Enhancing Arabic Information Retrieval for Question Answering

Alghamdi M., Abushawarib M., Ellouh M., GHALEB M. M. S., Felemban M.

7th International Conference on Future Networks and Distributed Systems, ICFNDS 2023, Dubai, Birleşik Arap Emirlikleri, 21 - 22 Aralık 2023, ss.366-371, (Tam Metin Bildiri)

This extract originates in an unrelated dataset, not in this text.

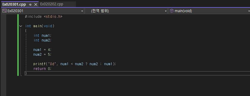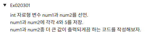 이를 구현하기 위해 삼항연산자를 사용해 보았다 삼항 연산자는 앞의 식이 참이라면 : 앞의 값을, 거짓이라면 : 뒤의 값을 결과로 내놓는다. 한마디로 if-else와 같은 기능이라 생각하면 된다 그 뜻대로 만약 num1이 num2보다 작으면 num2를 아니라면 num1을 출력하도록 해서 더 큰 값이 출력되도록 해보았다 과연 결과는 어떨까?

Yayın Türü: Bildiri / Tam Metin Bildiri
Doi Numarası: 10.1145/3644713.3644763
Basıldığı Şehir: Dubai
Basıldığı Ülke: Birleşik Arap Emirlikleri
Sayfa Sayıları: ss.366-371
Anahtar Kelimeler: Information Retrieval, Natural Language Processing
Kocaeli Üniversitesi Adresli: Evet

Özet

In the modern landscape of Natural Language Processing (NLP), intelligent chatbots like ChatGPT 3.5 and Google's Bard have shown remarkable competence in generic question-answering (QA) tasks. However, their performance falters when navigating domain-specific QA, particularly in the Arabic language, which is celebrated for its complex morphology and syntax. This paper presents a comprehensive approach to address these issues. The aim of this research is to build a chatbot tailored for a university community. We first create an extensive Arabic Q&A dataset by extracting data from academic documents, employing state-of-the-art Optical Character Recognition (OCR) tools. Then, we evaluate multiple text similarity measures like Pooled FastText Word embedding, BM25 ranking functions, and various semantic sentence embedding models. A thorough performance assessment reveals that the domain-specific model excels at both sentence-level similarity and context-relevance tasks. The developed web application chatbot, leveraging LangChain library and Retrieval Augmented Generation (RAG) methods, outperforms existing chatbots in domain-specific, Arabic language QA scenarios.